(Data provided Opens)
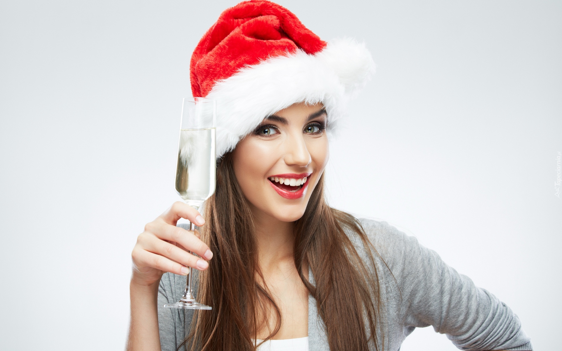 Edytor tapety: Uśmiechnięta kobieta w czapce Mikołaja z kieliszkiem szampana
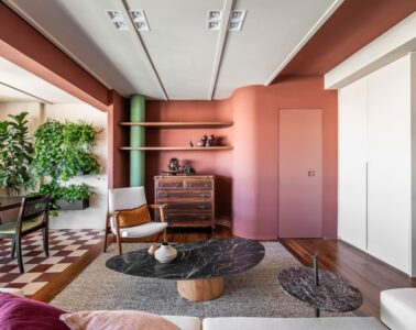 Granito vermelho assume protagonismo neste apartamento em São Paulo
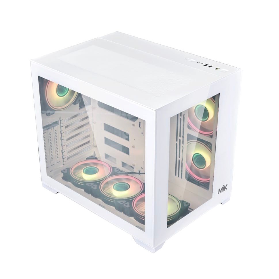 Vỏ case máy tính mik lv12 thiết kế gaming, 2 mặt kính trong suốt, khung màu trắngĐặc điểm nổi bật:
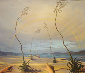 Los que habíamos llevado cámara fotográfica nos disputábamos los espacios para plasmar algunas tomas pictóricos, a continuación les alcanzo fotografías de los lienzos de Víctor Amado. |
(Data provided Closes)
The response should restate the material above word for word and contain no pictures.

**Your solution**:
 Edytor tapety: Uśmiechnięta kobieta w czapce Mikołaja z kieliszkiem szampana
 Granito vermelho assume protagonismo neste apartamento em São Paulo
 Vỏ case máy tính mik lv12 thiết kế gaming, 2 mặt kính trong suốt, khung màu trắngĐặc điểm nổi bật:
 Los que habíamos llevado cámara fotográfica nos disputábamos los espacios para plasmar algunas tomas pictóricos, a continuación les alcanzo fotografías de los lienzos de Víctor Amado. |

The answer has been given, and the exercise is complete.